By David Hargreaves
The latest quarterly Reserve Bank Survey of Expectations, shows that inflation is anticipated to be just 1.65% in two years time - still well under the RBNZ's explicit inflation target of 2%.
However, the latest result, which is a slight rise from a pick of 1.64% in the last survey, will nevertheless come as something of a relief to the central bank and will not place any more pressure on it regarding interest rate cuts.
Having said that, the decision by the RBNZ's counterpart the Reserve Bank of Australia to drop its key rate to 1.5% will keep tension on, particularly when it comes to the New Zealand dollar.
The survey of expectations is watched very closely by the RBNZ. After the February survey showed a sharp fall in inflation expectations, with the two-year-out figure dropping to 1.63% from 1.85%, the central bank followed up within a month with a cut to the Official Cash Rate.

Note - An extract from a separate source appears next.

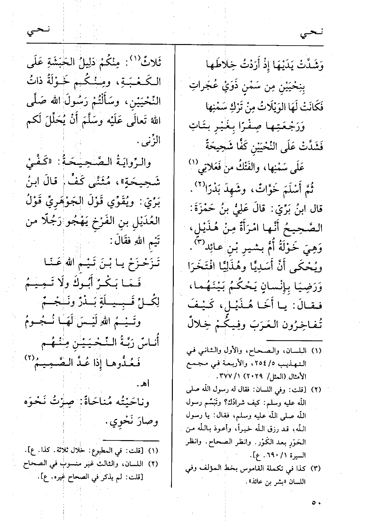 قَالَ ابنُ برِّي: قَالَ عليُّ بنُ حَمْزة: الصَّحيحُ أنَّها امْرأَةٌ مِن هُذَيْل، وَهِي حَوْلَةُ أُمُّ بشِير بن عائِدٍ، ويُحْكَى أنَّ أَسَدِيًّا وهُذَليًّا افْتَخَرَا ورَضِيا بإنْسانٍ يَحْكُم بَيْنهما فَقَالَ: يَا أَخا هُذَيْل كيفَ تُفاخِرُونَ العَرَبَ وَفِيكُمْ خِلالٌ ثَلاثَة: مِنْكُم دَليلُ الحَبَشَةِ على الكَبةِ، ومنكم خَوْلَةُ ذاتُ {النِّحْيين، وسأَلْتُم رَسُولَ اللهاِ، صلى الله عَلَيْهِ وَسلم أَن يُحلِّلَ لكم الزِّنا؛ والرِّوايَةُ الصَّحِيحةُ: كَفَّيْ شَحِيحةٍ. مُثَنَّى كَفّ.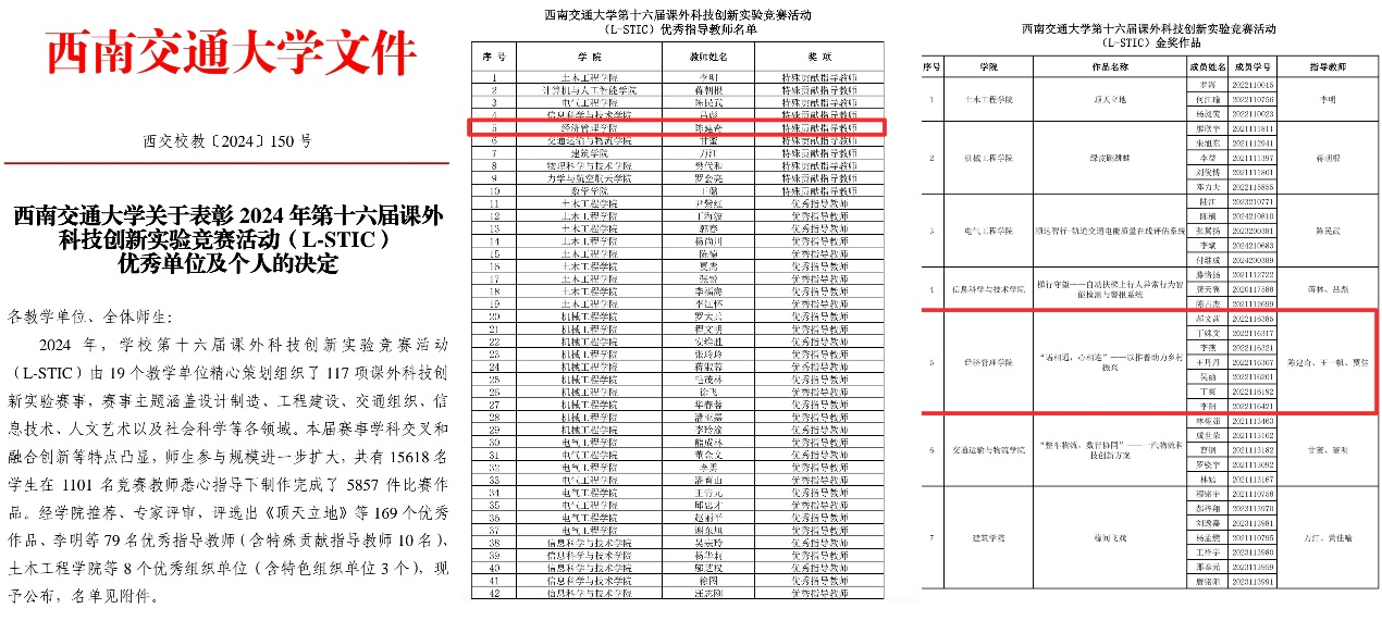 第十六届课外科技创新实验竞赛活动(L-STIC)的金奖作品,指导老师陈建奇被评选为特殊贡献指导老师。

This was a cut that had clearly not been planned or intended prior to the result of the survey coming out.
Therefore any sharp fall in the latest survey would have put more pressure on. As it is, expectations appear to have settled, albeit at low levels.
The RBNZ gets very uncomfortable when it sees falling inflation expectations, because clearly such expectations feed into businesses' future pricing plans. Expectation of falling inflation makes for weak future pricing intentions.
In terms of one-year-out inflation, the latest survey outcome is a pick of 1.26%, up from 1.22% in the last survey and a low point of 1.09% in February.
ASB economist Kim Mundy said the 2-year-ahead measure remained near record lows in the survey and was well below the 2% considered as consistent with the RBNZ meeting its inflation target.
"As a result, the RBNZ will be hoping to see inflation expectations pick up in the near future in order to avoid longer-term expectations becoming unanchored from the inflation target," she said.
"For some time now our central view has been that the outlook for inflation remains subdued, with the risks tilted to the downside. If anything, a number of downside risks have grown recently.
"The ongoing strength in the NZD and recent falls in oil prices are key risks to the near-term inflation outlook. The high NZD and low oil prices, on top of global growth concerns, global spare capacity and capacity in the NZ labour market all reinforce our view the RBNZ will need to provide further stimulus to ensure inflation returns comfortably within the target band.
"While the RBNZ is unlikely to be too concerned about the level of 2-year-ahead inflation expectations in Q3, it will be hoping to see a more convincing lift sooner rather than later. The RBNZ will no doubt be keeping an eye on a range of other inflation expectation surveys in order to assess whether or not inflation expectations are likely to remain anchored around 2%. We continue to expect the RBNZ will cut the OCR again in August and November," Mundy said.
It is already pretty much a given that the RBNZ will drop the Official Cash Rate next week from the current record low of 2.25%, in all likelihood to a new low of 2%.
In a recent unscheduled economic update that was put out partly because of the current long gap between OCR reviews (from June 9 to August 11), but also principally because of the strong Kiwi dollar, the RBNZ signalled further OCR cuts and warned that the then 6% rise in the New Zealand dollar since its last OCR decision was making it hard to meet the 1-3% inflation target.
Having fallen in the wake of that announcement, the Kiwi dollar has subsequently surged again and is currently about 7% higher than the RBNZ has forecast for the September quarter.
A strong Kiwi dollar of course helps to push down prices and pushes back the time at which the RBNZ might get anywhere near its inflation targets.
Inflation in this country has now been below the 1%-3% target for nearly two years and nowhere near the 2% that is the explicit target-within-the-target for the RBNZ.